On Wed, Mar 13, 2013 at 10:48 AM, John Rigdon <[email protected]>wrote:

> A topic that was broached on the Discuss list this morning may be an
> important starting point and one that can impact and benefit bibliographic
> databases everywhere.
>

I think the content of the discussions is orthogonal to the forum that
they're conducted in, which was the subject of Karen's message.

The vast majority of bibliographic databases are maintained by libraries.
 They have vast, nay endless, sets of rules, adaptations, exceptions, code
lists, "controlled" vocabularies, "authorities" and as much standardization
as you could ever want (at least for a card catalog).

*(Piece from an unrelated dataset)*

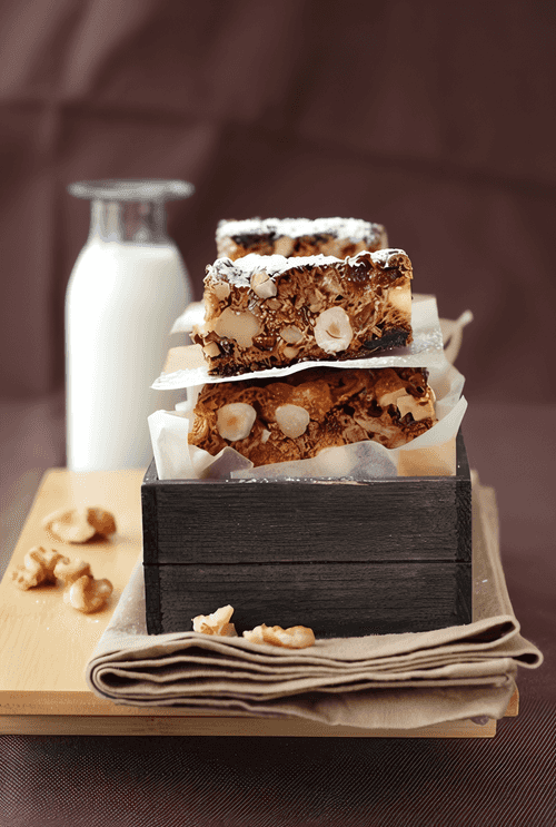 Выложите тесто ровным слоем в форму и выпекайте до готовности примерно 25-30 минут. Охладите в форме, переложите на блюдо и порежьте на квадраты.

> The topic centers around normalizing data entry procedures and guidelines.
>  I don't know what has been done in the area, but a minimun seems to be an
> open source data dictionary with explanation of the terms.
>

Since the bulk of the data comes from library records, the starting point
is the data definitions that they used, which you can find here:
http://www.loc.gov/marc/bibliographic/ecbdhome.html  Of course, it's not
quite that simple since there are lots of ancillary and supporting
standards.

What OpenLibrary has done, in my view, is attempt to bridge the gap between
that existing practice and what would be useful to actual consumers, so
there are things like normal name order instead of inverted (last,first),
collecting together all editions under a single "work" record, etc.
 They've also greatly simplified things.

I agree that better standardization and documentation would be useful, but
I think it's very early days for OpenLibrary as a community, so it's not
that surprising that it could use improvement.  We should definitely put it
on the list though.

Any progress we make in normalizing these will GREATLY help future
> machine manipulation projects.


Just to point out the opposing view, there is the school that says humans
should just enter things in whatever format they want and it's up to the
machines to figure it out.  As an example, ISBN 10 vs 13, dashes vs no
dashes is trivial for a machine to deal with.  Still and all, better
standards/documentation would be useful for the areas where it matters.